H24年12月修学旅行のしおり序文

グアム修学旅行に向けて(修学旅行のしおり序文)


 修学旅行というものは、日本や韓国・中国・台湾等の東アジア特有のものではありません。18世紀イギリスの良家の子弟は、グランドツアーと称して、さまざまな文化や教養を身につけるため、数カ月から数年、ヨーロッパ大陸、特にフランスとイタリアを旅行しました。目的は観光のほかに,各国の上流階級や学識経験者との交流,大学やアカデミーへの短期入学,書物や美術品の購入などでした。
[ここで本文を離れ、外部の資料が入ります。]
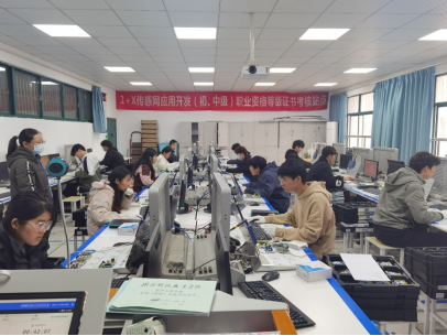 今年“1+X”传感网应用开发(中级)职业技能等级证书考试与以往相比,理论知识考核比例由30%提高至40%,实操题增加了新模块,职业素养要求提升。学校高度重视“1+X”证书认证工作,考试由职院教务处综合协调、相关部门通力配合,软件工程学院物联网应用技术专业依据2023年考核站点考务手册的相关要求具体实施,完成了考前培训、环境测试、考场布置、考务安排等各项工作,保障了本次考核的严谨有序进行。
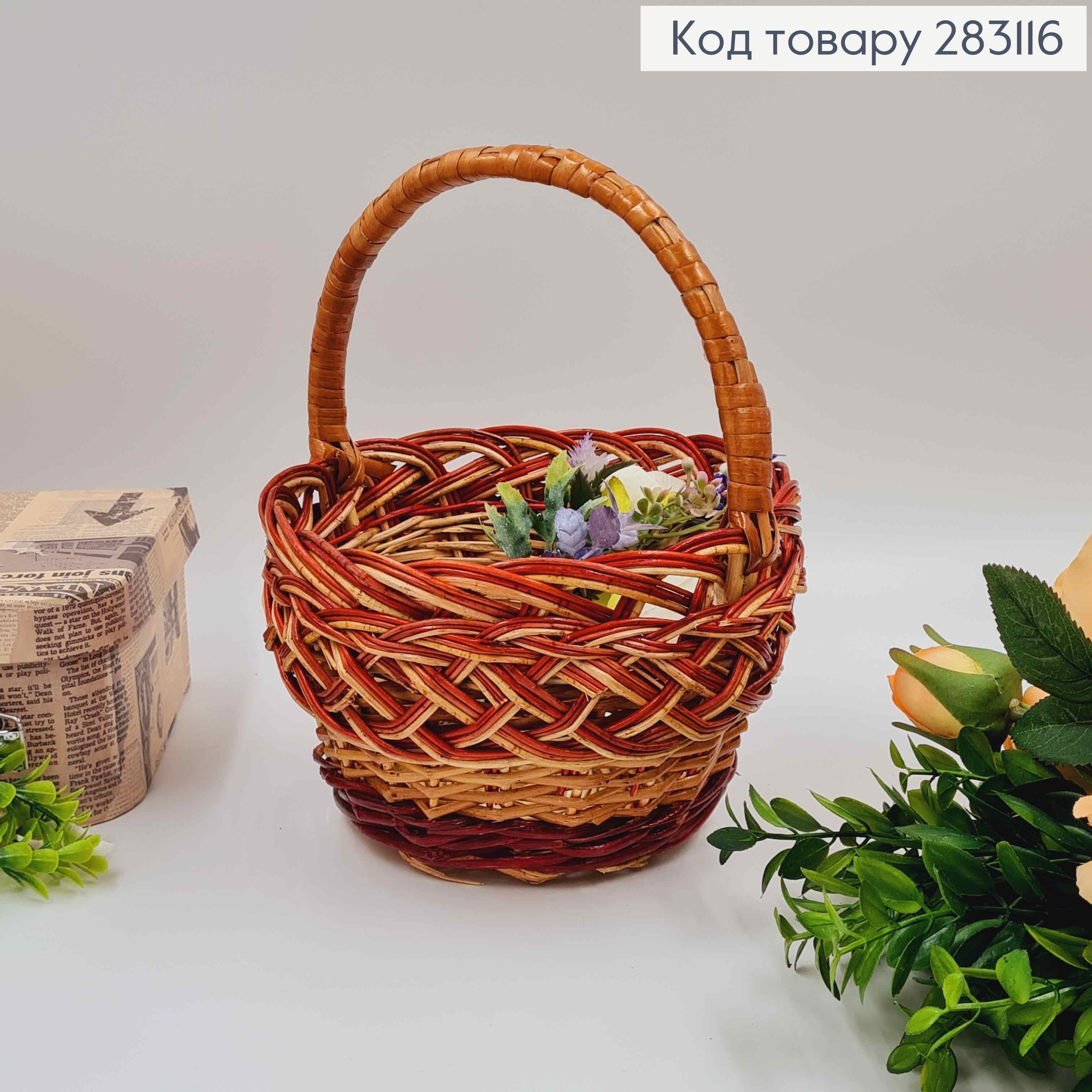 Кошик плетений Коричневі тона, КРУГЛИЙ, 18*11см, +ручка 10см, УКРАЇНА
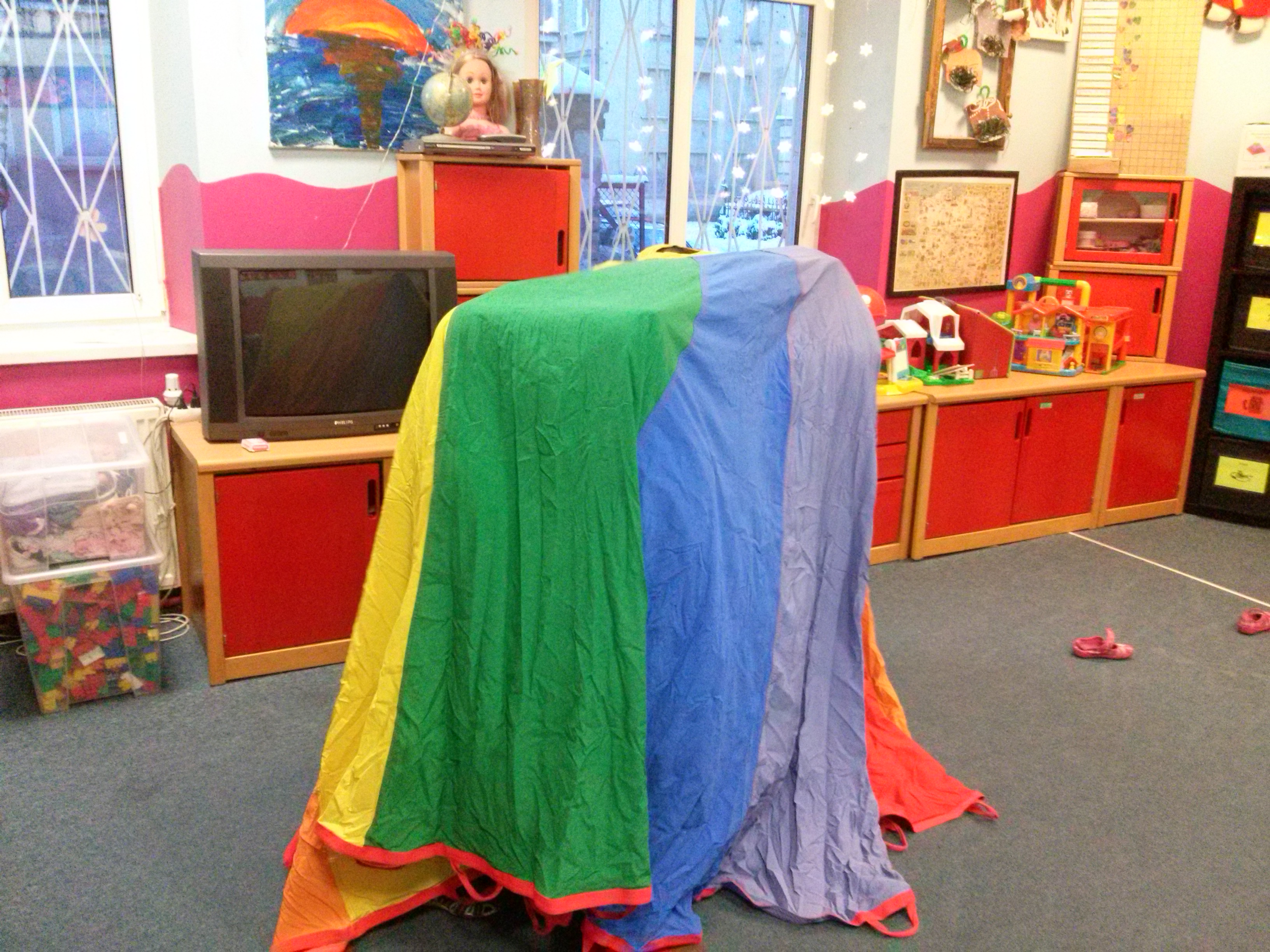 Wychowankowie „Anielskiej Krainy” bardzo lubią zabawy z chustą animacyjną. Wczoraj, między innymi, bawili się w „cukierka” i w posągi. Tym razem możemy się przyjżeć jak powstał kolorowy słoń.
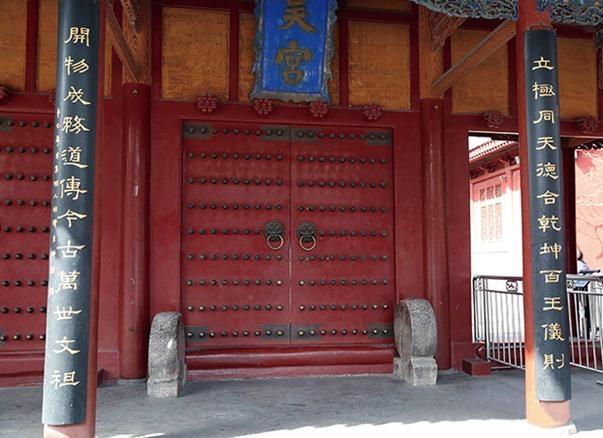 再看下联:开物成务,道传今古,百王仪则。《系辞传》曰:“夫《易》,开物成务,冒天下之道,如斯而已者也。”“开物成务”指通晓万物的道理,并按此道理行事而得到成功。“道传今古”,《系辞传》曰:“《易》兴也,其道甚大,百物不废。惧以终始,其要无咎。此之谓《易》之道也。”“道”同“开天明道”之“道”,即规律、法则,也就是《易经·说卦》所说的天道曰阴与阳,地道曰柔与刚,人道曰仁与义。“传”,传承。“今古”,从古到今。“道传今古”意思是,伏羲创造的八卦原理一代一代传承了下来,它永远是指导人们认识自然和人类社会的思想武器。“百王仪则”,南宋罗泌《路史》曰:“继天出震,肇修文教,为百王典。”“百王”,指历代帝王。“仪则”同“典”,引申为行为规范、准则之意。
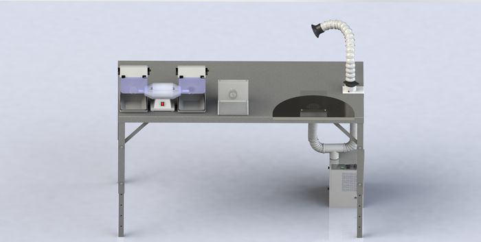 The Vaniman Downdraft Assembly (Model 20125) is a benchtop dust collection accessory designed to create a semi-enclosed dust collection area when using handpieces. It features a protective shield, padded wrist rests, vent selection, and a padded catch tray. Made from durable plexiglass and steel, this assembly provides efficient dust extraction, enhancing workspace cleanliness and safety.
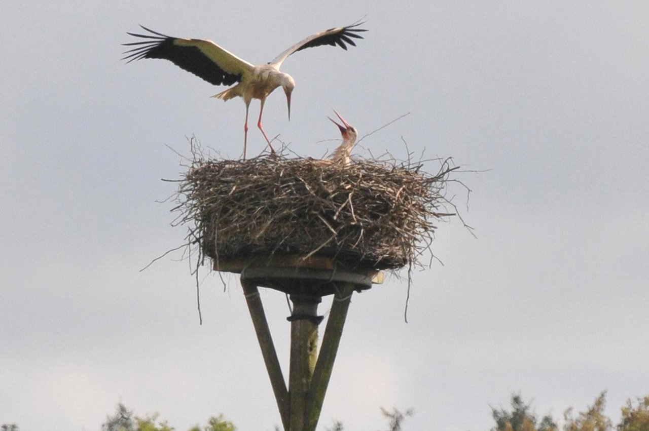 Das Storchenpaar Agnes und Ludger ist jetzt schwer damit beschäftigt, die drei hungrigen Schnäbel zu füttern. Im dritten Jahr in Folge können sich die Eltern über Nachwuchs freuen.
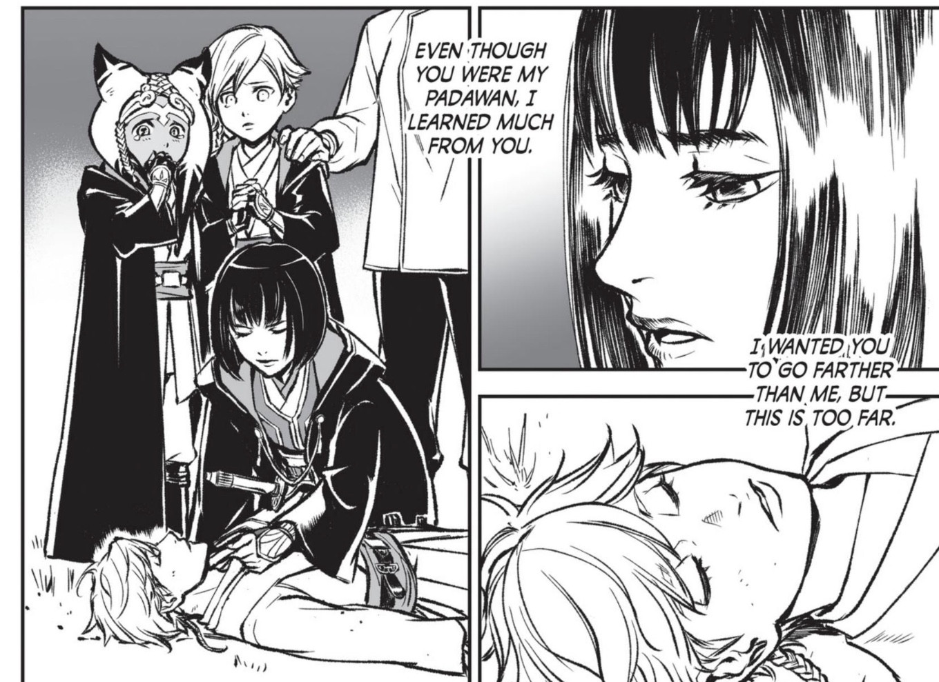 Speaking of surprises, Sav’s role as a foil for Lily’s rigidness fits the theme of Star Wars and balance. Learning from her experiences portrayed in The High Republic Adventures, she challenges Lily to adapt to the threat of the Nihil and attachments to the temple because ultimately, it is the people who matter. Sav’s advice for Lily in her time of grief makes me wonder how many Padawans she has lost in her centuries of being a Jedi. Perhaps Sav will get her own comic or manga as she has been set up as second mentor to Lily.

(平凡社 世界大百科事典「グランドツアー」)
 ところで高石高校36期生のグアム修学旅行の目的も、観光・ミドルスクールで授業を受け生徒と交流する・グアムの歴史と今に触れるなど、18世紀イギリスの若者の「グランドツアー」とまさに同じです。
 「グランドツアー」と異なるのは、団体旅行であるという点です。団体旅行のメリットは、個人旅行では決して簡単にはできない体験ができることですが、デメリットもあります。団体で行動するため行動に制限があるということ、「何でも見てやろう」と好奇心を持たないでも仲間内で盛り上がって完結できてしまう点です。
 毎年遅刻数を減少させている皆さんのことですから、団体行動は大丈夫と信じています。むしろ、仲間内で盛り上がって完結して、「何にも見なかった」と旅を終えてしまうことがあれば、非常に残念に思います。というのは、君たちがこれから生きていくのは、海外へ出かけることがなくても、海外からヒト・モノ・コミュニケーションスタイルがやってくる時代です。上司や同僚が外国人、バイト先のお客さんが外国人ということがもはや普通のことになっています。日本で暮らしていても、世界的に共通するルールでコミュニケーションが求められるような事態が起こり得ます。そんな時、この修学旅行で経験したことをヒントに、自分で考えて対応してほしいと思います。そのために、「何でも見てやろう」と好奇心満載で出掛けて下さい。
 旅先では思いがけない事が起こることがあります。「何でも見てやろう」という姿勢には、物を学ぶ謙虚さがあり、謙虚さは冷静な判断と合理的な解決法を導きます。この修学旅行に味をしめて、卒業後一人で海外へ出かけて行く人が増えれば、この旅行を企画した先生方も、その甲斐があったというものです。
 覚えていてほしいのは、日本は極めて安全で安心な国で、日本での「当たり前」は、世界的にみるとかなりレベルが高いということです。仲間内で盛り上がって、仲間外への注意を怠ることのないようにして、無事に帰国しましょう。これは、皆さんと学校を信じて送り出していただいた、皆さんの保護者への義務です。